In order to provide a high pressure (HP) fuel gas stream suitable for use as a fuel for a gas turbine, the treating method and apparatus disclosed herein may be incorporated into a method of liquefying a hydrocarbon feed stream and an apparatus therefor. High pressure fuel gas may be extracted from the hydrocarbon feed stream prior to liquefaction. This is advantageous because the hydrocarbon feed stream may have a low nitrogen content compared to the low pressure fuel gas stream derived from the first separator hydrocarbon vapour stream. In addition, the hydrocarbon feed stream is a high pressure stream, such that further pressurization of a portion of this stream for use as a fuel gas stream is not required. Thus, there is no requirement for a high pressure fuel gas compressor. If necessary, where the hydrocarbon feed stream is at too high a pressure, the pressure of the extracted fuel gas may optionally be reduced in pressure before use as fuel.

In addition, the method disclosed herein is advantageous because it avoids using a gaseous stream produced by the expansion of the liquefied hydrocarbon stream as the high pressure fuel gas stream. Such gaseous streams produced by gas/liquid separation steps, such as end flash processes, would have a higher content of lower boiling components, such as nitrogen, compared to the liquid product produced by the separator.

Referring to the drawings, FIG. 1 shows a method of and apparatus 1 for treating a multi-phase hydrocarbon stream 145 according to a first embodiment. The multi-phase hydrocarbon stream 145 is derived from natural gas. The multi-phase hydrocarbon stream 145 comprises vapour and liquid phases. One example of how the multi-phase hydrocarbon stream 145 may be provided is discussed in greater detail below with reference to FIG. 2.

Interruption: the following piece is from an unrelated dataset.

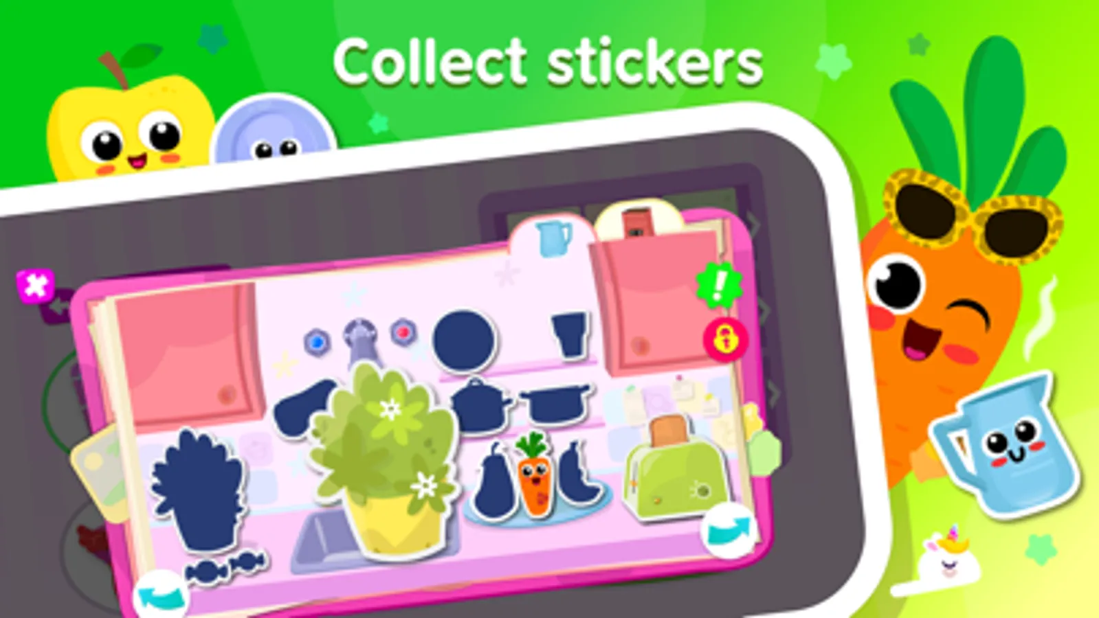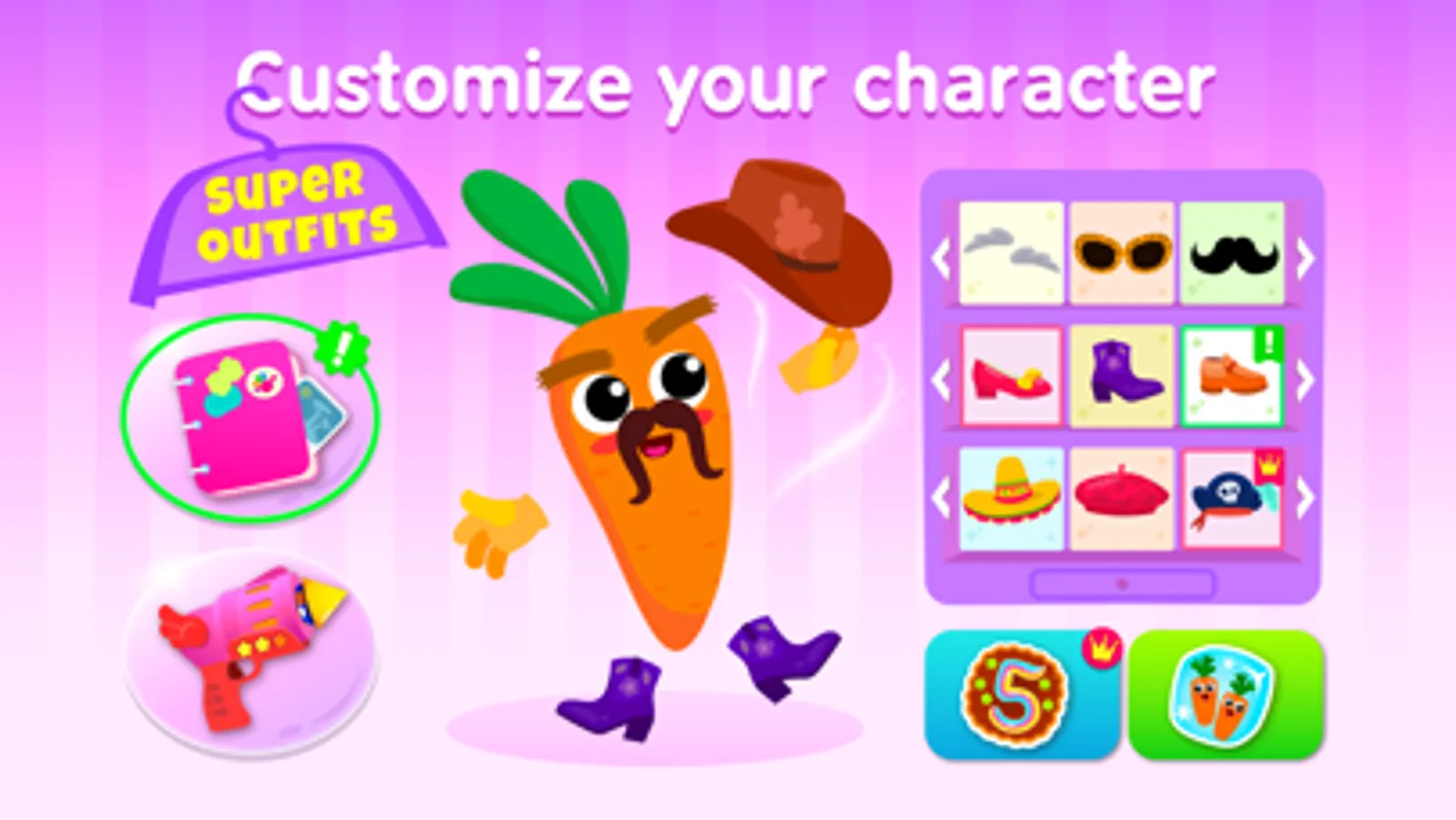 Carrot, the app’s adorable assistant, is also there to facilitate kids’ introduction to mathematics. Inviting children to play, Carrot encourages them and provides motivation on the go. And, with the collectible sticker albums, the more little players play and learn, the more stickers they earn and the more funny outfits they get to dress Carrot in.
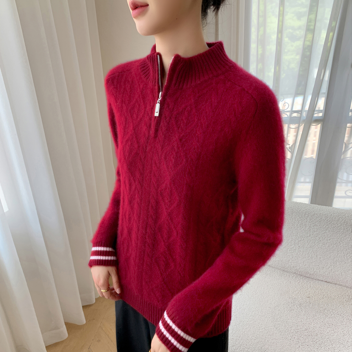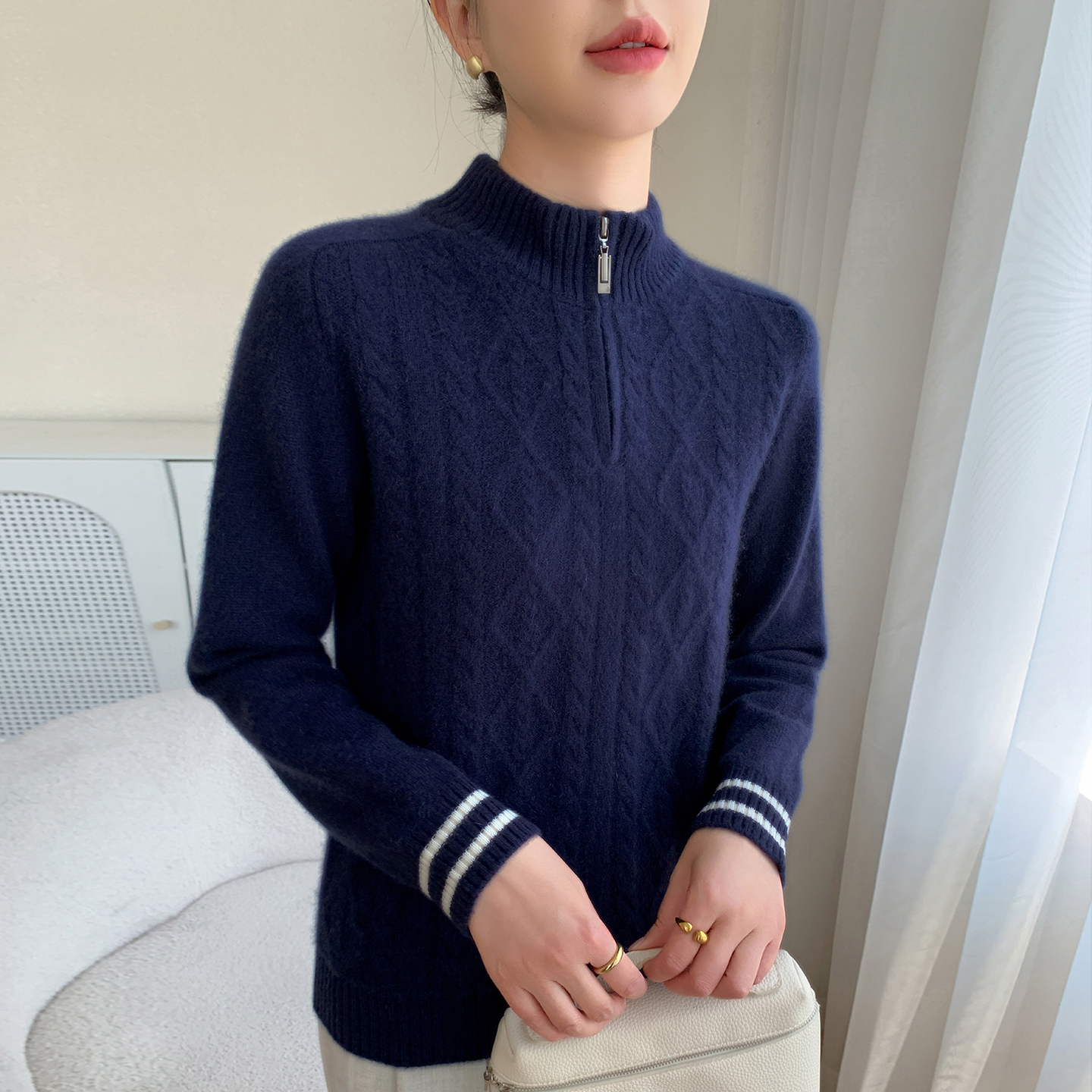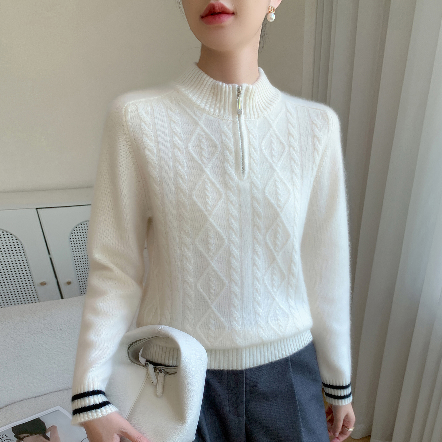 阿尔巴斯初剪山羊绒衫女半高领加厚打底无扎感针织衫显瘦软糯毛衣

The multi-phase hydrocarbon stream 145 is passed to a first inlet 148 of a first gas/liquid separator 150. The first gas/liquid separator 150 provides a first separator hydrocarbon vapour stream 205 as an overhead stream at a first outlet 151 and a first separator bottoms stream 155a, which is a liquid stream, at a second outlet 152 at or near the bottom of the first gas/liquid separator 150. The first gas/liquid separator 150 may be in the form of a separation column such as a fractionation or distillation column. The first gas/liquid separator 150 is preferably provided in the form of a nitrogen separation column. The first separator hydrocarbon vapour stream 205 typically comprises hydrocarbons, typically predominantly methane, and nitrogen.

The separation is carried out at a first pressure, which is preferably in the range of from 2 to 15 bara, more preferably of from 2 to 10 bara in order to an achieve even lower content of nitrogen in the liquid hydrocarbon stream and still be useable as low pressure fuel gas stream.

In order to enhance the separation within the first gas/liquid separator 150, a stripping vapour stream 185a is provided at a second inlet 149. The second inlet 149 typically comprises a vapour inlet device known to the skilled person. The second inlet 149 is preferably at a level gravitationally lower than the first inlet 148 in order to provide efficient stripping of the lighter components of the hydrocarbon mixture, such as nitrogen, from the liquid phase of the multi-phase hydrocarbon stream to the vapour phase. The first inlet 148 may typically comprise an inlet distributor known to the skilled person.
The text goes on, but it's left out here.